Alex gets to the heart of the issue:
"Changing an entire bank from within is really hard. There’s too much inertia, too many structural barriers."
So rather than spending money on performative innovation, SC Ventures decided to skip the theater and focus on venture-building—creating startups that could actually grow and scale.
Generating ideas is easy—but building something that can scale inside a highly regulated financial system? That’s the real challenge. SC Ventures doesn’t just launch startups for the sake of it—they carefully test, validate, and refine ideas until they work.
Max raises an important question:
"You test the market, so is there really a problem which is solved or is there a need or a demand, right?"
SC Ventures’ approach is ruthless when it comes to validation. Many ideas don’t make it past the initial concept phase. Others pivot multiple times before they find a viable model.

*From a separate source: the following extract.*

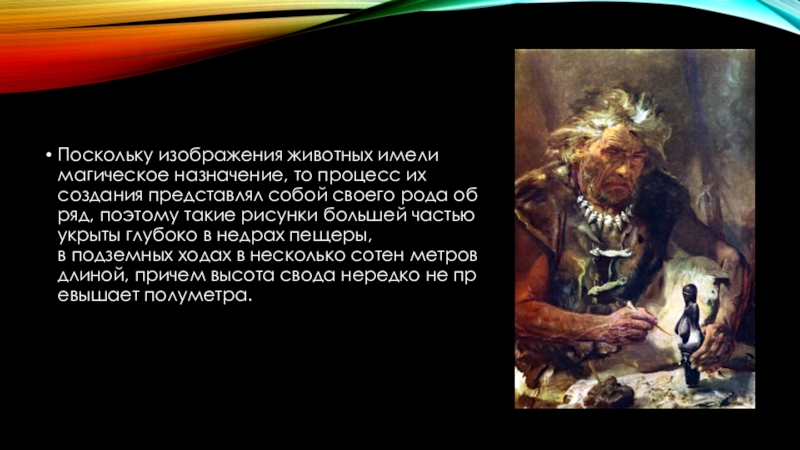 Слайд 8Поскольку изображения животных имели магическое назначение, то процесс их          создания представлял собой своего рода обряд, поэтому такие рисунки большей частьюукрыты глубоко в недрах пещеры, в подземных ходах в несколько сотен метровдлиной, причем высота свода нередко не превышает полуметра.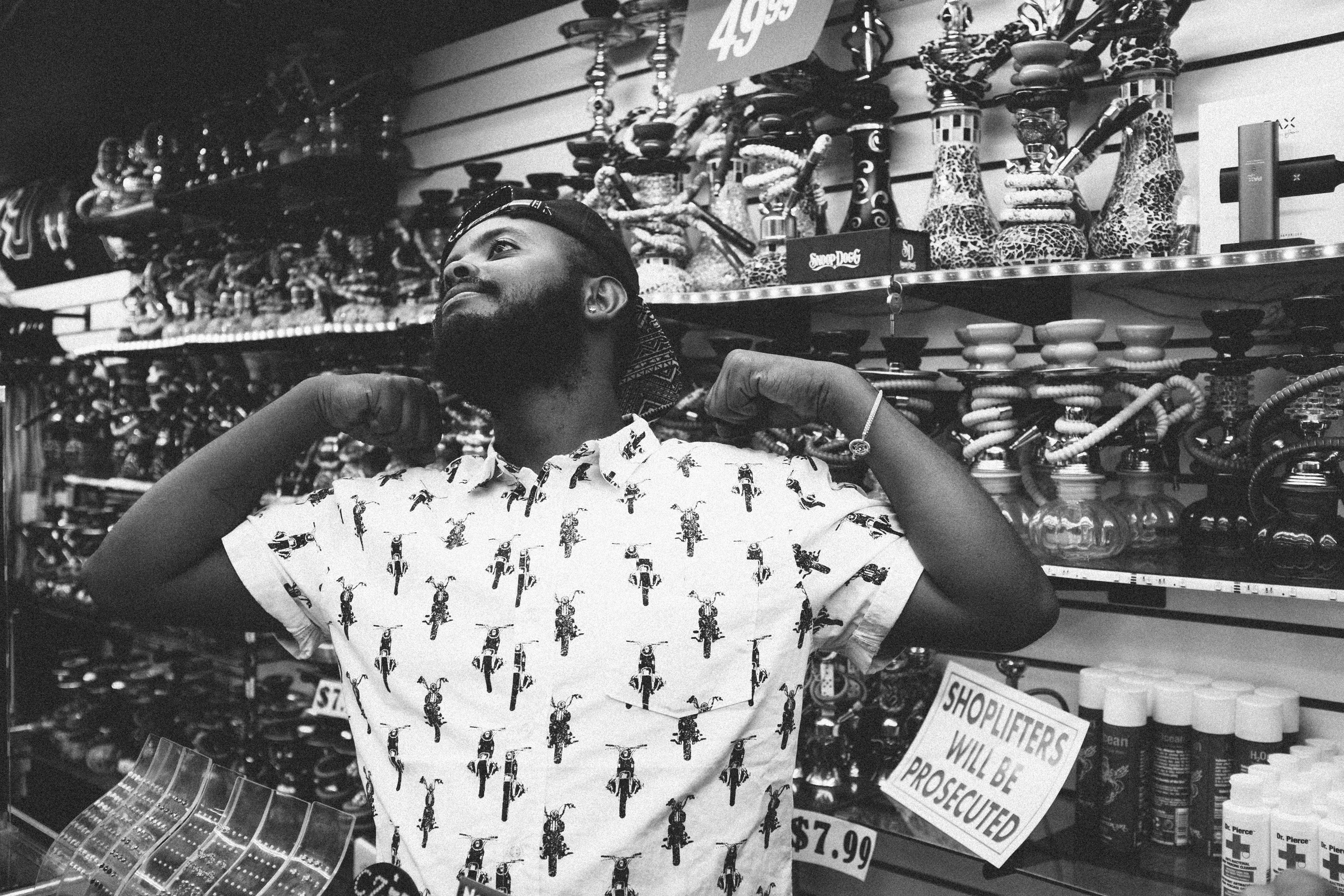 In a vibrant smoke shop, a man confidently strikes a pose, showcasing his stance amidst a backdrop of colorful hookahs and bottles. The black-and-white filter adds a moody, vintage feel, contrasting with the lively array of products around him. His expression exudes pride and defiance, captured in a moment that seems both spontaneous and purposeful.

"We kill ideas all the time—just by not acting on them. The ones that survive? They’ve pivoted at least five times before finding their fit."
This is what sets SC Ventures apart. Rather than pouring millions into a project without market validation, they adopt a test-and-learn approach:
✅ Start small, test, iterate. If an idea doesn’t work, they change it fast.
✅ Force ventures to stand on their own. No guaranteed support from the bank.
✅ Failure isn’t the enemy—stagnation is.
"If an idea doesn’t solve a real problem, it’s dead before we even start."
This approach ensures that only the strongest ideas make it to market.
One of the most surprising takeaways from the episode? The biggest fintech opportunities aren’t only in the US or Europe—they’re happening in Asia, Africa, and the Middle East. Alex shares:
"Our footprint—Asia, Africa, and the Middle East—is where it's happening."
These regions are moving faster than the West because they aren’t burdened by legacy systems. Fintech innovation there isn’t just a strategic initiative—it’s a necessity. And explains:
"In these markets, innovation isn’t a luxury—it’s a necessity. They don’t have legacy systems slowing them down, so they build what’s needed, fast."
These markets are agile, fast-moving, and focused on solving real problems—which is why SC Ventures chooses to build and scale where the biggest opportunities exist. Alex sums it up perfectly:
"People in these regions aren’t waiting for permission to innovate. They’re building solutions that change lives, and they’re doing it now."